Jason A. Donenfeld (10):
  random: use sched_clock() for random_get_entropy() if no get_cycles()
  m68k: use sched_clock() for random_get_entropy() instead of zero
  riscv: use sched_clock() for random_get_entropy() instead of zero
  mips: use sched_clock() for random_get_entropy() instead of zero
  arm: use sched_clock() for random_get_entropy() instead of zero
  x86: use sched_clock() for random_get_entropy() instead of zero
  arm64: use sched_clock() for random_get_entropy() instead of zero
  um: use sched_clock() for random_get_entropy() instead of zero
  sparc: use sched_clock() for random_get_entropy() instead of zero
  xtensa: use sched_clock() for random_get_entropy() instead of zero

 arch/arm/include/asm/timex.h      | 11 +++++++++++
 arch/arm64/include/asm/timex.h    |  9 +++++++++
 arch/m68k/include/asm/timex.h     |  4 +++-
 arch/mips/include/asm/timex.h     |  3 ++-
 arch/riscv/include/asm/timex.h    |  3 ++-
 arch/sparc/include/asm/timex_32.h |  4 +---
 arch/um/include/asm/timex.h       |  9 ++-------
 arch/x86/include/asm/tsc.h        | 11 +++++++++++
 arch/xtensa/include/asm/timex.h   |  6 ++----
 include/linux/timex.h             |  6 ++++++
 10 files changed, 49 insertions(+), 17 deletions(-)
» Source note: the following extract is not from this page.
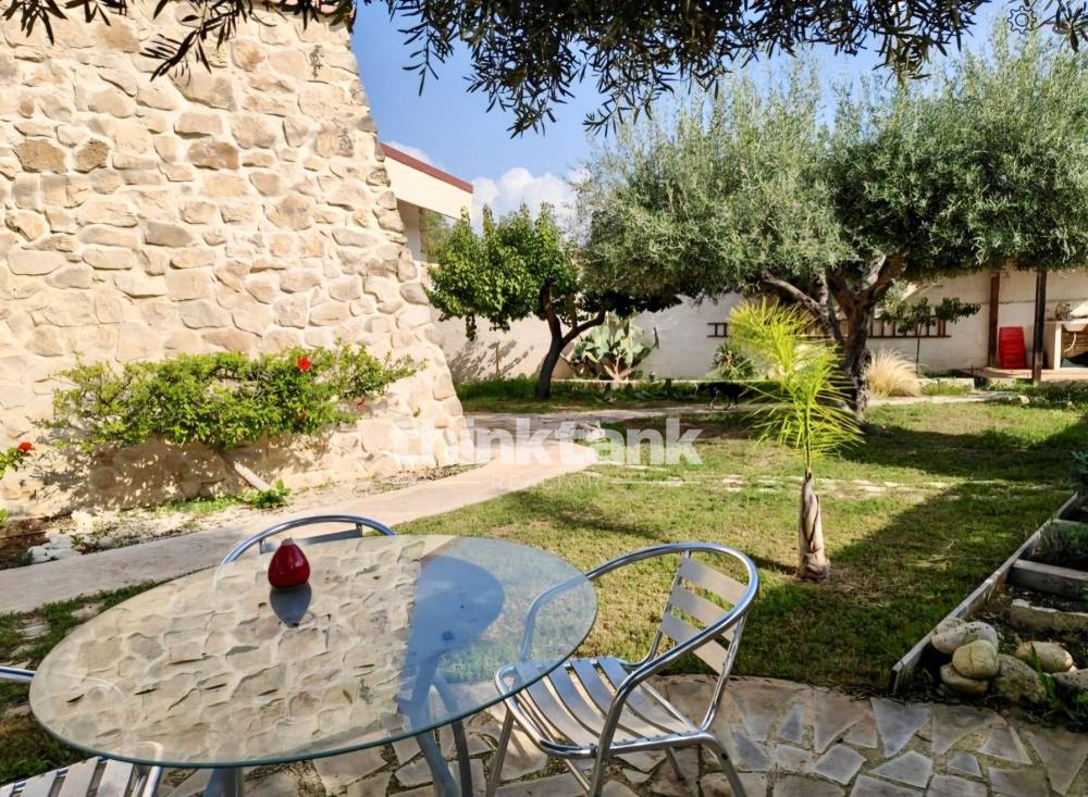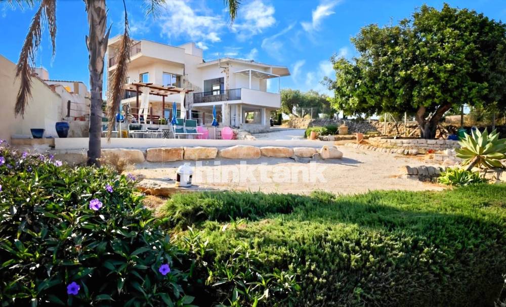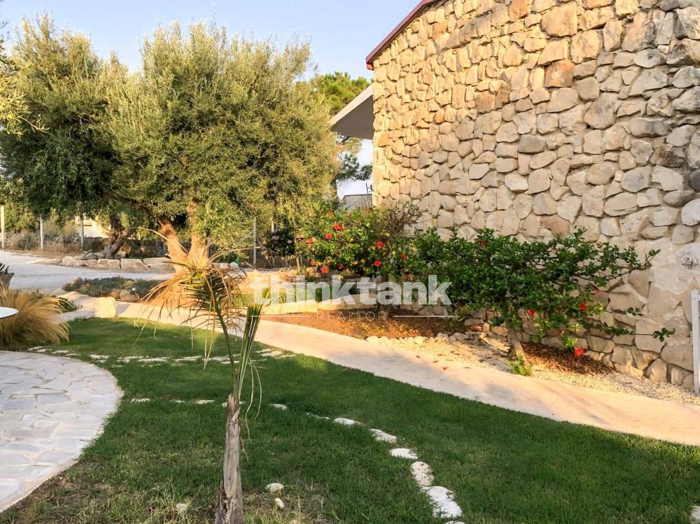Lintero terreno di circa 1.800 mq, recintato da un caratteristico muro a secco e rete metallica, è arricchito da ulivi, carrubi, alberi da frutto, cipressi e palme. La villa si trova in un contesto naturale e tranquillo, ma a soli 650 metri da spiaggia, bar, ristoranti e servizi.

Thomas Gleixner April 9, 2022, 11:29 p.m. UTC | #1

Jason,

On Fri, Apr 08 2022 at 20:21, Jason A. Donenfeld wrote:
> Sometimes the next best thing is architecture-defined. For example,
> really old MIPS has the CP0 random register, which isn't a cycle
> counter, but is at least something. However, some platforms don't even
> have an architecture-defined fallback. In that case, what are we left
> with?
>
> By my first guess, we have ktime_get_boottime_ns(), jiffies, and
> sched_clock(). It seems like sched_clock() has already done a lot of
> work in being always available with some incrementing value, falling
> back to jiffies as necessary. So this series goes with that as a
> fallback, for when the architecture doesn't define random_get_entropy in
> its own way and when there's no working cycle counter.
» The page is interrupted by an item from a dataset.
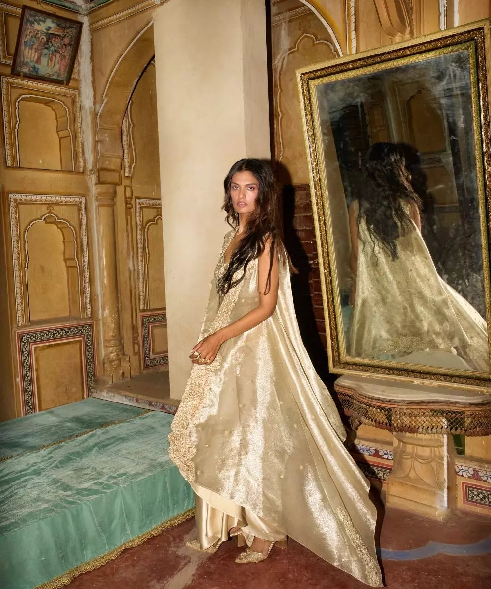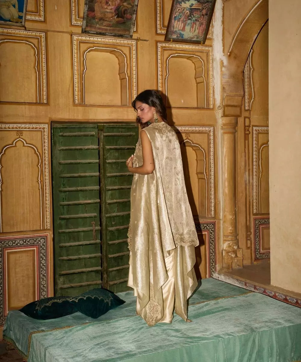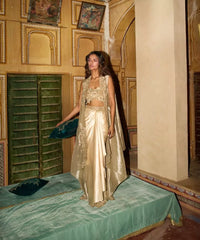 ADITI GUPTA - Champagne Gold drape Satin Skirt Set with pure Tissue Cape

sched_clock() is a halfways sane option, but yes as Arnd pointed out:

> Another option would be falling back to different things on different
> platforms. For example, Arnd mentioned to me that on m68k,
> ktime_get_ns() might be better than sched_clock(), because it doesn't
> use CONFIG_GENERIC_SCHED_CLOCK and therefore is only as good as
> jiffies.

ktime_get_ns() or the slightly faster variant ktime_get_mono_fast_ns()
are usable. In the worst case they are jiffies driven too, but systems
with jiffies clocksource are pretty much museum pieces.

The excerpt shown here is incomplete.